#### Data section ####
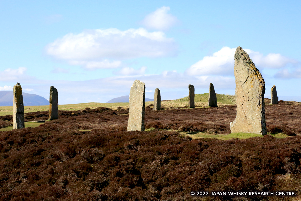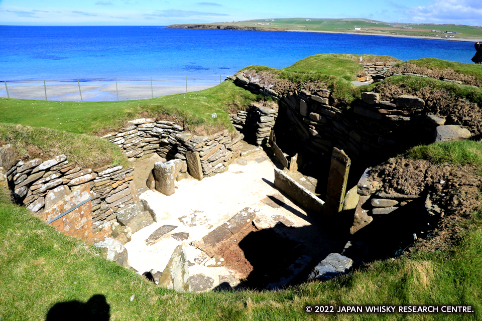 ステネスの立石とリング・オブ・ブロドガーは環状列石、いわゆるストーンサークルで、メイズハウは当時の古墳、そしてスカラブレイは今から5,200年ほど前の新石器時代の住居跡で、このてのものとしては最も保存状態が良いとされている。オークニーはヴァイキング文化で知られているが、ヴァイキングが北欧からやって来たのはAD8世紀頃で、その遥か以前から、この島には様々な人が住んでいたのだ。
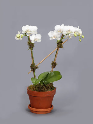 A timeless NYC classic gift that everyone loves. We have paired two mini orchid plants together in a traditional clay pot and braced the plants with bamboo sticks in an artistic and secured design. Sleek and simple and enjoyed by all!
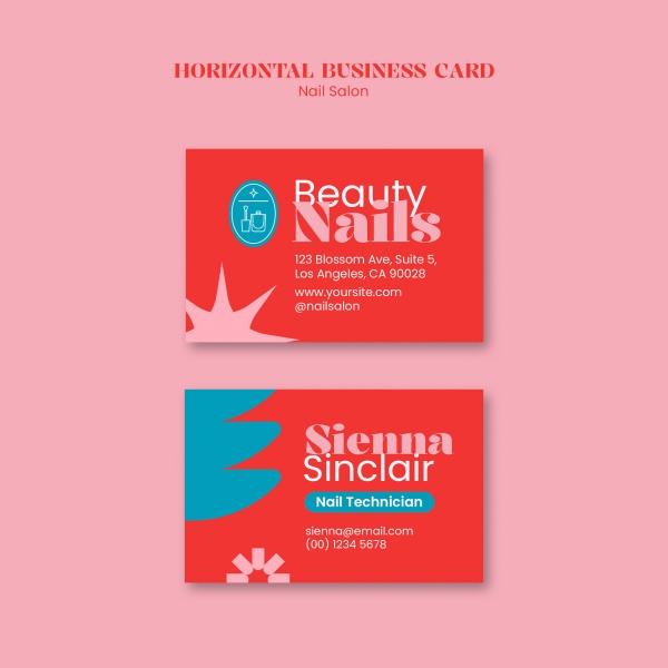 红色极简风格美甲名片模板PSD
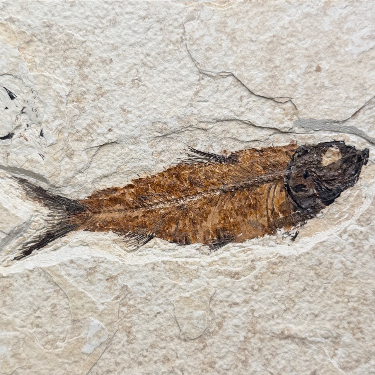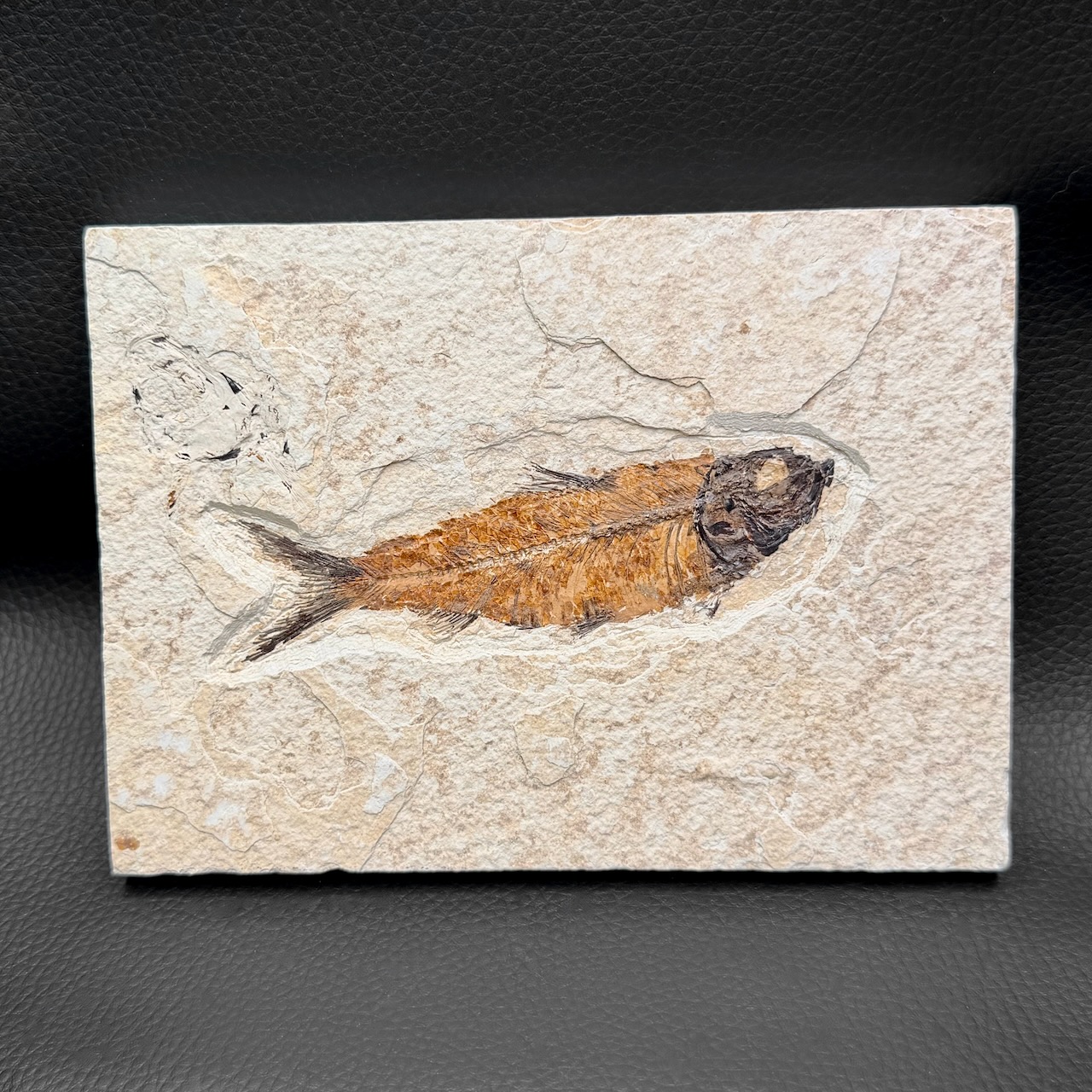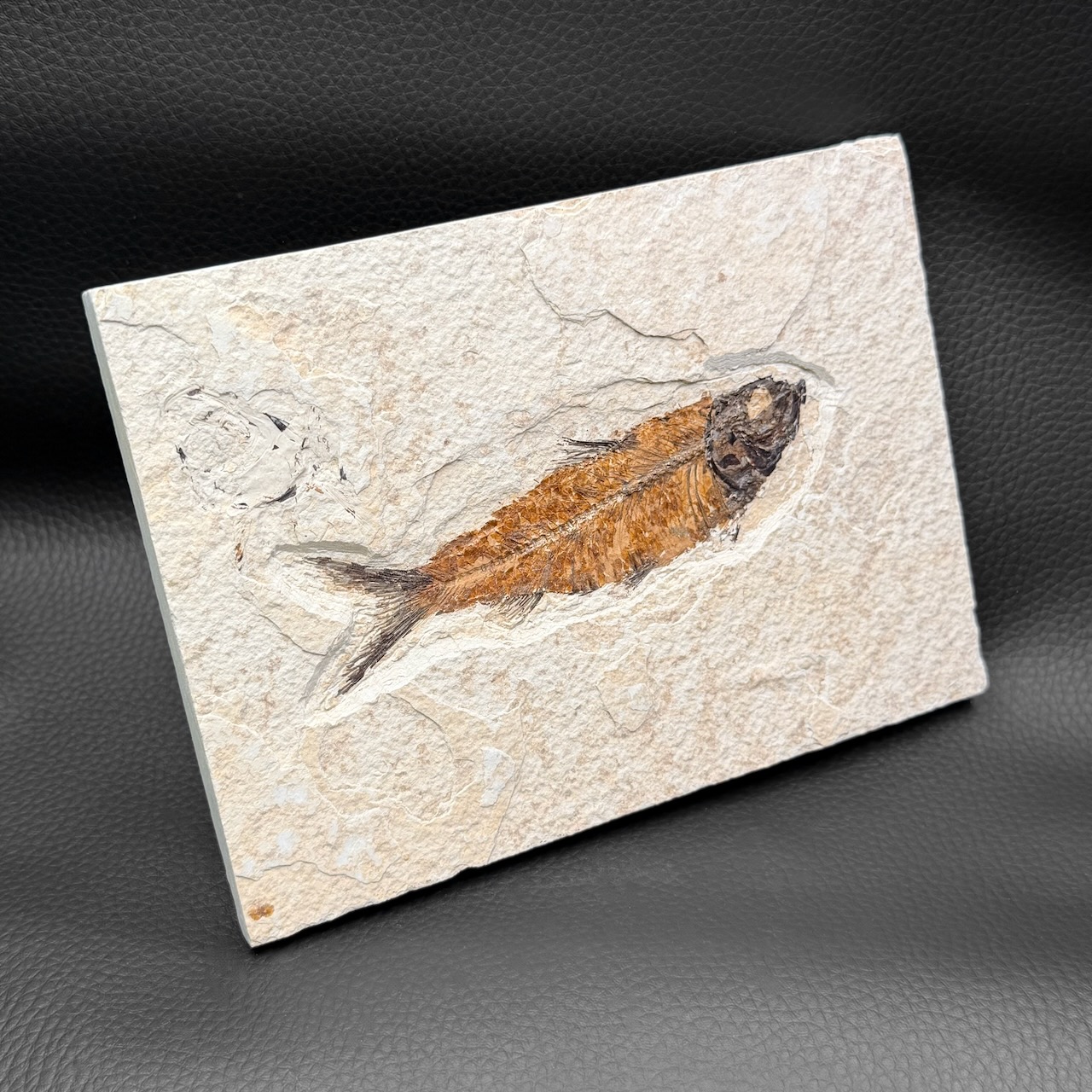 Ce superbe poisson fossile, Knightia, provient de la formation Green River, une formation rocheuse datant de la période Éocène, située dans le Wyoming, aux États-Unis. Knightia, un membre de la famille des harengs, mesurait environ 11 cm de long mais certains spécimens pouvaient atteindre plus de 25 cm.
####
#### [What the task asks]
Give back the material exactly as written, from its first line to the line that contains "红色极简风格美甲名片模板PSD", and leave out the pictures.

#### [Solution]
 ステネスの立石とリング・オブ・ブロドガーは環状列石、いわゆるストーンサークルで、メイズハウは当時の古墳、そしてスカラブレイは今から5,200年ほど前の新石器時代の住居跡で、このてのものとしては最も保存状態が良いとされている。オークニーはヴァイキング文化で知られているが、ヴァイキングが北欧からやって来たのはAD8世紀頃で、その遥か以前から、この島には様々な人が住んでいたのだ。
 A timeless NYC classic gift that everyone loves. We have paired two mini orchid plants together in a traditional clay pot and braced the plants with bamboo sticks in an artistic and secured design. Sleek and simple and enjoyed by all!
 红色极简风格美甲名片模板PSD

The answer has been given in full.